[[ DATA EXTRACT open ]]

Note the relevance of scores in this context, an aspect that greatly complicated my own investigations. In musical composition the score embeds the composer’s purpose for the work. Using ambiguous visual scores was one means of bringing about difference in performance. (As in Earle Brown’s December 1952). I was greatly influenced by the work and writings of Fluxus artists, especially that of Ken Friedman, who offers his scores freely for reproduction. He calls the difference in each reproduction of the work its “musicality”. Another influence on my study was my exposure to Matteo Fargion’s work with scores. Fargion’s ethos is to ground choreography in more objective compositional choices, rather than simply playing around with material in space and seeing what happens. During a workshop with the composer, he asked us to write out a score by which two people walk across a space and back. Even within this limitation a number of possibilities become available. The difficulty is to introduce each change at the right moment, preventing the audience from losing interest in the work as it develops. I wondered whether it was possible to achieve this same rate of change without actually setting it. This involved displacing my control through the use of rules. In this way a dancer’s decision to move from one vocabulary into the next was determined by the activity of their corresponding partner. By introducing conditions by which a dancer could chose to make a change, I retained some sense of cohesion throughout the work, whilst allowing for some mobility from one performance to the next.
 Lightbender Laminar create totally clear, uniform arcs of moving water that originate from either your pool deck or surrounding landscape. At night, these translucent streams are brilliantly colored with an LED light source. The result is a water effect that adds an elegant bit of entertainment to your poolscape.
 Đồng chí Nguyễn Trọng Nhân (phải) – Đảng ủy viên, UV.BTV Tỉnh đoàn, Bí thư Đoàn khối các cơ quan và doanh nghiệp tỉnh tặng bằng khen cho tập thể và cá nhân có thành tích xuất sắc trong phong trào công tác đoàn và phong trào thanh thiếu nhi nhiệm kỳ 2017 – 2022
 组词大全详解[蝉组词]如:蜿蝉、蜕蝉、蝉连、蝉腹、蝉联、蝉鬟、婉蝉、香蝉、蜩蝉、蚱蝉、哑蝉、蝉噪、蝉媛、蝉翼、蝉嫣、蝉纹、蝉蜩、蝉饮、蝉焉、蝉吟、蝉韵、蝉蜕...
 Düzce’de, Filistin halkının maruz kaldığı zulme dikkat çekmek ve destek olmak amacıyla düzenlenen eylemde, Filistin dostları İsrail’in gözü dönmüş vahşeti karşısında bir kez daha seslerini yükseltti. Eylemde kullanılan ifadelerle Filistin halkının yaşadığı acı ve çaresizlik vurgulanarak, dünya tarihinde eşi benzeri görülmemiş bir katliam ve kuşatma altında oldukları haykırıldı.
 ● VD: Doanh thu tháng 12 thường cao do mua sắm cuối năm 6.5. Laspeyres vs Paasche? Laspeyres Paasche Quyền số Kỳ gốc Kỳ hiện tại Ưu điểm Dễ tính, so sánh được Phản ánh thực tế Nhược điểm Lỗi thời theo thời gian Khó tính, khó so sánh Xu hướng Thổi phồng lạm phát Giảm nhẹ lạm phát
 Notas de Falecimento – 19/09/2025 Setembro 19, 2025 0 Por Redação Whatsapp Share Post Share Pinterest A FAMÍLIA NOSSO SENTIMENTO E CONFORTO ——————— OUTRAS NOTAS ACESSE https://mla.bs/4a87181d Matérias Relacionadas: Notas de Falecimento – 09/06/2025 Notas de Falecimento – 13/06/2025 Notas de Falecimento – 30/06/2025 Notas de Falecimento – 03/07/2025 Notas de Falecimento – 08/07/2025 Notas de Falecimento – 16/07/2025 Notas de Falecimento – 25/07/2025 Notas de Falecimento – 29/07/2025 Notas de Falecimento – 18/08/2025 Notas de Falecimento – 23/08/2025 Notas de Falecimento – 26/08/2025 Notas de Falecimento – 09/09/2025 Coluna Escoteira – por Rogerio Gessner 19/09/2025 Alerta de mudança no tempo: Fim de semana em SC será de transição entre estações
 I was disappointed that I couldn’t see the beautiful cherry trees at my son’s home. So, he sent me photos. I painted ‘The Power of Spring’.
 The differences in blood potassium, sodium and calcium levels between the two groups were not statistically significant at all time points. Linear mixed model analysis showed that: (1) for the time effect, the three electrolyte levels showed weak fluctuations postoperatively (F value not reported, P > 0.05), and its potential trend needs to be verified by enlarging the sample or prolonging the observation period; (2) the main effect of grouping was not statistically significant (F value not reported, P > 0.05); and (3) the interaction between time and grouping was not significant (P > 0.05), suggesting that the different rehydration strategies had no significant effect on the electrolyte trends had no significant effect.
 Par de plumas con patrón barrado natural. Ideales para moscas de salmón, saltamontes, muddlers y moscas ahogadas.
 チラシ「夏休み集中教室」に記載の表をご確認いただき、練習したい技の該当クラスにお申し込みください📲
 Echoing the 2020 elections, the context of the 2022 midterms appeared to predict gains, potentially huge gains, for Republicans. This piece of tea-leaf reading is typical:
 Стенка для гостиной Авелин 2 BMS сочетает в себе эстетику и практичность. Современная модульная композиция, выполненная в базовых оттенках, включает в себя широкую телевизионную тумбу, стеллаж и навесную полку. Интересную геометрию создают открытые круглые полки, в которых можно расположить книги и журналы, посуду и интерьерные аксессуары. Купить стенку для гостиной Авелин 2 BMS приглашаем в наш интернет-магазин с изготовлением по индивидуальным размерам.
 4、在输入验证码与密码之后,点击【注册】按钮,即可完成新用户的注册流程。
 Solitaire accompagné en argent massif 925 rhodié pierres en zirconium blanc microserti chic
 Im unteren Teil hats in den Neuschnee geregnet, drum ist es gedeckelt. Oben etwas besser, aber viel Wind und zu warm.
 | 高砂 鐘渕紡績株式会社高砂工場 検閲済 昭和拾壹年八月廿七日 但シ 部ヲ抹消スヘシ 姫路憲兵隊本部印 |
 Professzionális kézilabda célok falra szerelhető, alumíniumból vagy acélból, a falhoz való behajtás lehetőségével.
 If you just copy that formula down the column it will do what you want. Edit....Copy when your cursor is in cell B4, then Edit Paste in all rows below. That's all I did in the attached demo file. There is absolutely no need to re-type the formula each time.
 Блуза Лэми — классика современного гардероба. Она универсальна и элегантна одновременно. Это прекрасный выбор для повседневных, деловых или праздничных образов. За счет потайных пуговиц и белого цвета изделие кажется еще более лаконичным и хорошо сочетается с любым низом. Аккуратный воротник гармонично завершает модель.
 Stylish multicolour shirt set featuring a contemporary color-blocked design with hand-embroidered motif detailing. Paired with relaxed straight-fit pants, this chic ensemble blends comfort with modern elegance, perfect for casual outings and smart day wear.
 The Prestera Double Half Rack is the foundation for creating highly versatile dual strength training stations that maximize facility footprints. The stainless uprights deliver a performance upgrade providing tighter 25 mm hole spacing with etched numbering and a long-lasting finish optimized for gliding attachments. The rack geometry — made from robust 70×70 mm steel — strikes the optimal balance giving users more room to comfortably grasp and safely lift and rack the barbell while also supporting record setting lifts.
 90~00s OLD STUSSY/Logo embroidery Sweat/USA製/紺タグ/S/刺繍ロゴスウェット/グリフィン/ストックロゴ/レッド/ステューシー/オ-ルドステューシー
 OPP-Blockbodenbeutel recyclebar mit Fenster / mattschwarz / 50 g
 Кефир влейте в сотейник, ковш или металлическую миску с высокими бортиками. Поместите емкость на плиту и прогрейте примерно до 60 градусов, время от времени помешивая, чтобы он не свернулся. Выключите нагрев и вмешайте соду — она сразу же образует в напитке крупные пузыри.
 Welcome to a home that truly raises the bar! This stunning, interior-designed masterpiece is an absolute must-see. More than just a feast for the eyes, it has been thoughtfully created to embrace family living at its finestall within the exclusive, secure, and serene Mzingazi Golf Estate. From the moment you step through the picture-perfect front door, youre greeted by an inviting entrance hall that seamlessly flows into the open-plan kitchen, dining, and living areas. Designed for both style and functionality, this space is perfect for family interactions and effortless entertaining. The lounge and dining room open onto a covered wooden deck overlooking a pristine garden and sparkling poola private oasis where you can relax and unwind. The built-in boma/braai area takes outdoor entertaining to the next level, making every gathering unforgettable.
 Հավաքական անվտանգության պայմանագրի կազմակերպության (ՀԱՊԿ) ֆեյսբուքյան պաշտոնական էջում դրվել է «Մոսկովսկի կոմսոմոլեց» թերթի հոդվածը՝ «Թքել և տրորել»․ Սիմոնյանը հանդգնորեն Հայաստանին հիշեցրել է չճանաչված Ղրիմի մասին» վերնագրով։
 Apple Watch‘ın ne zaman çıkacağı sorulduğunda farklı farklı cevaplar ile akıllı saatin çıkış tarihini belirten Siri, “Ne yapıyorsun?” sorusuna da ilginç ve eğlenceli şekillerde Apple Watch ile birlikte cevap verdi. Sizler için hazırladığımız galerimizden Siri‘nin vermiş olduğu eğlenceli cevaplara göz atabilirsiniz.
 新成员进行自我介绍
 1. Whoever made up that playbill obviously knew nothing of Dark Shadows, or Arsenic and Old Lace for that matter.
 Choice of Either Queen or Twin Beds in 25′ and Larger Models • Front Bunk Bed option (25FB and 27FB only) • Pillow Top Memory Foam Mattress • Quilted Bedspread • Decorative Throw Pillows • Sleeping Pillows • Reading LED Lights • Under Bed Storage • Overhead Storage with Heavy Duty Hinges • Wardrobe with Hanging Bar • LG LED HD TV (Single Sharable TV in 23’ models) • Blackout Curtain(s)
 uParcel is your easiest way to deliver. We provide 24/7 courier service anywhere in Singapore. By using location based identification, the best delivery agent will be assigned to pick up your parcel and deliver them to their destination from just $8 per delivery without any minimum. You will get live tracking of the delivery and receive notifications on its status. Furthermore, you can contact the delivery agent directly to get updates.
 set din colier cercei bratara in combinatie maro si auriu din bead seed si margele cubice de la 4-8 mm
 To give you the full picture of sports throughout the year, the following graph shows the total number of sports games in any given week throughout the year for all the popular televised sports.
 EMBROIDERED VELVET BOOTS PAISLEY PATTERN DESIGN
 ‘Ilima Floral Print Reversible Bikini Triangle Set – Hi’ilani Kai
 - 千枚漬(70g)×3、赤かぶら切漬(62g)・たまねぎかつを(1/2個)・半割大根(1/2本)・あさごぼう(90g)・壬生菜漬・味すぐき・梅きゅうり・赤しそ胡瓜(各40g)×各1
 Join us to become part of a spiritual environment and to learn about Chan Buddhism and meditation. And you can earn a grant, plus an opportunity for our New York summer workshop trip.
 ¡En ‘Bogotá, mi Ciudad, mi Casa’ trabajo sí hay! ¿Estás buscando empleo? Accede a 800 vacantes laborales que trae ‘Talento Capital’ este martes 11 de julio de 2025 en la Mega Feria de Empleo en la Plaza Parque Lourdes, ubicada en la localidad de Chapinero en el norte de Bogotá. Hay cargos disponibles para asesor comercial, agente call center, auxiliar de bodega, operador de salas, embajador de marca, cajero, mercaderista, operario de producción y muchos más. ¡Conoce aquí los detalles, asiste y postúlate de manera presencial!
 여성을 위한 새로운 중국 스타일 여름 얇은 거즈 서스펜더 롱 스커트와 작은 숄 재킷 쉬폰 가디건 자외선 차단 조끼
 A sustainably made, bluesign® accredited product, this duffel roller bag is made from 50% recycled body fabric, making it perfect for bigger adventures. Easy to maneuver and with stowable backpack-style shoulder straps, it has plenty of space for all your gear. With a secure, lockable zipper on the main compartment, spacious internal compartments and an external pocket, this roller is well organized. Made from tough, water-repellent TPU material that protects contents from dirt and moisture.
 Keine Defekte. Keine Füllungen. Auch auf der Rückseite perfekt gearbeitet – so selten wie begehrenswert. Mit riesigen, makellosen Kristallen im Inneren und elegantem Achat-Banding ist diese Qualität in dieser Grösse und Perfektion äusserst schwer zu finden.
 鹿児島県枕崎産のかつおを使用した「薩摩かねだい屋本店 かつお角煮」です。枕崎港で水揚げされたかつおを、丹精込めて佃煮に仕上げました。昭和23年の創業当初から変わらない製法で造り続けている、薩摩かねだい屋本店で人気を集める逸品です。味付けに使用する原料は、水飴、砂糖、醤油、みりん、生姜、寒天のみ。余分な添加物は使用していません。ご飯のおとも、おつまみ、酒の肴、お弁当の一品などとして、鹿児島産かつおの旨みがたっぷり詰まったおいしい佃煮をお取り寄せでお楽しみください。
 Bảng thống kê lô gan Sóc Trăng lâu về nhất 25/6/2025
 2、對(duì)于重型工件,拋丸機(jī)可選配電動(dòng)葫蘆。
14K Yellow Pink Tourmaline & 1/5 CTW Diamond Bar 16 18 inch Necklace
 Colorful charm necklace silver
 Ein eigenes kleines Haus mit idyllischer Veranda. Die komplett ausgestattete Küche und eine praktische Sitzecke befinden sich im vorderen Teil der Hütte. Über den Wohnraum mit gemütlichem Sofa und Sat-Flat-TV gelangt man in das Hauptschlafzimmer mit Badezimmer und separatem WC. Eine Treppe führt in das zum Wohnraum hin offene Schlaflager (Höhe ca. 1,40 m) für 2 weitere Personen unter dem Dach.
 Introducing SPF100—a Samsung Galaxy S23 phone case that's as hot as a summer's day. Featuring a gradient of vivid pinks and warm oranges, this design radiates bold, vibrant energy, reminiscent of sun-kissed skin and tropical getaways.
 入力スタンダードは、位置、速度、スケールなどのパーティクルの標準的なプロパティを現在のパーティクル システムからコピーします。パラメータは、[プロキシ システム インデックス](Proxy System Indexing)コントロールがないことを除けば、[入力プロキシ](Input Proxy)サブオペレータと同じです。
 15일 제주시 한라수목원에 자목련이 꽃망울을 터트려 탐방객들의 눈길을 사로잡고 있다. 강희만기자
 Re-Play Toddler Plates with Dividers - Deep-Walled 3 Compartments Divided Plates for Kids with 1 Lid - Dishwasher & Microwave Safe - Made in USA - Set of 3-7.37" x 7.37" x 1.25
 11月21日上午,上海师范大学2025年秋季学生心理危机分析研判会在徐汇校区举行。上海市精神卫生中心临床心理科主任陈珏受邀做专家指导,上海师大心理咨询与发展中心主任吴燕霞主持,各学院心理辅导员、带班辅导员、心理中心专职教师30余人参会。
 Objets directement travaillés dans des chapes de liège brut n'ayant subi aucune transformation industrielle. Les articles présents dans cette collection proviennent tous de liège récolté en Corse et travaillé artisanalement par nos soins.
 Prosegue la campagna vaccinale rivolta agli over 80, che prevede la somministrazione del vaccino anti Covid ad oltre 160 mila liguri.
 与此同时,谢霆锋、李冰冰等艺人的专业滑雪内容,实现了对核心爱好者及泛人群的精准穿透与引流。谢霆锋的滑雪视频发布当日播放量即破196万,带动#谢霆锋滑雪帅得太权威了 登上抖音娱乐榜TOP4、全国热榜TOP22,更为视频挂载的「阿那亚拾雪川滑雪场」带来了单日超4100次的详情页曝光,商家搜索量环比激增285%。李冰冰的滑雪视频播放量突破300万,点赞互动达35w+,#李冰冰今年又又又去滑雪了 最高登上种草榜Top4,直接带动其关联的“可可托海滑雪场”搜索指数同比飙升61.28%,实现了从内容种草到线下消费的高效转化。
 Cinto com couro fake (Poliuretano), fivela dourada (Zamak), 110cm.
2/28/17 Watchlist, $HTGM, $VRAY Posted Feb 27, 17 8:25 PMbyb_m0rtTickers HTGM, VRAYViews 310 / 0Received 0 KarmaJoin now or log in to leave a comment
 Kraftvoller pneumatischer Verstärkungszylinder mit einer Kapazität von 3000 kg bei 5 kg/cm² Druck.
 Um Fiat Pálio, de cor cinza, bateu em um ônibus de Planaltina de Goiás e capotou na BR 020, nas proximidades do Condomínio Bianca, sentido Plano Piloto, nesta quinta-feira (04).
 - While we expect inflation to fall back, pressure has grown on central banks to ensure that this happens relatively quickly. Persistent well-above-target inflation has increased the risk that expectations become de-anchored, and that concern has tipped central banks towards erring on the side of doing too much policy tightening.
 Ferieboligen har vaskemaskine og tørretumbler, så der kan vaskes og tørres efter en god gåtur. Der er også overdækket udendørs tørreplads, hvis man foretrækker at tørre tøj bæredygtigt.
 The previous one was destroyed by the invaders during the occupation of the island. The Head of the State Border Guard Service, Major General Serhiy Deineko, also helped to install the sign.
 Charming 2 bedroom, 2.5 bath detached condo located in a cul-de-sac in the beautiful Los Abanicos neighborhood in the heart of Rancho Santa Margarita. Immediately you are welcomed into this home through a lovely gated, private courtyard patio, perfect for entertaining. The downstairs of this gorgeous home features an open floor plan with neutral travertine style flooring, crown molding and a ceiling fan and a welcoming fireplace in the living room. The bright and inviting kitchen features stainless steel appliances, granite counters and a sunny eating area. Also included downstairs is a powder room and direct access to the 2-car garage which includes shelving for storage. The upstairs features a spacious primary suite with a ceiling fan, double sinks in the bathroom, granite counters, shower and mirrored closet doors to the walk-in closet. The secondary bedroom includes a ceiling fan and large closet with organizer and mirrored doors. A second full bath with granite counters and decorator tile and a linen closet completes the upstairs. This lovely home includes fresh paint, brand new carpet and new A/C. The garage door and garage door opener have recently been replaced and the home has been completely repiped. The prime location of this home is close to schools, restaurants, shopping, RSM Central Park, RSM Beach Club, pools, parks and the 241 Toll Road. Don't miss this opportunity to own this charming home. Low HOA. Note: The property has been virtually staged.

[[ DATA EXTRACT closed ]]

### EXERCISE GOAL
In the material above, locate the line containing "Choice of Either" and the line containing "Join us to become". Transcribe exactly those two lines and every line between them, and nothing more.

### PROBLEM SOLUTION
 Choice of Either Queen or Twin Beds in 25′ and Larger Models • Front Bunk Bed option (25FB and 27FB only) • Pillow Top Memory Foam Mattress • Quilted Bedspread • Decorative Throw Pillows • Sleeping Pillows • Reading LED Lights • Under Bed Storage • Overhead Storage with Heavy Duty Hinges • Wardrobe with Hanging Bar • LG LED HD TV (Single Sharable TV in 23’ models) • Blackout Curtain(s)
 uParcel is your easiest way to deliver. We provide 24/7 courier service anywhere in Singapore. By using location based identification, the best delivery agent will be assigned to pick up your parcel and deliver them to their destination from just $8 per delivery without any minimum. You will get live tracking of the delivery and receive notifications on its status. Furthermore, you can contact the delivery agent directly to get updates.
 set din colier cercei bratara in combinatie maro si auriu din bead seed si margele cubice de la 4-8 mm
 To give you the full picture of sports throughout the year, the following graph shows the total number of sports games in any given week throughout the year for all the popular televised sports.
 EMBROIDERED VELVET BOOTS PAISLEY PATTERN DESIGN
 ‘Ilima Floral Print Reversible Bikini Triangle Set – Hi’ilani Kai
 - 千枚漬(70g)×3、赤かぶら切漬(62g)・たまねぎかつを(1/2個)・半割大根(1/2本)・あさごぼう(90g)・壬生菜漬・味すぐき・梅きゅうり・赤しそ胡瓜(各40g)×各1
 Join us to become part of a spiritual environment and to learn about Chan Buddhism and meditation. And you can earn a grant, plus an opportunity for our New York summer workshop trip.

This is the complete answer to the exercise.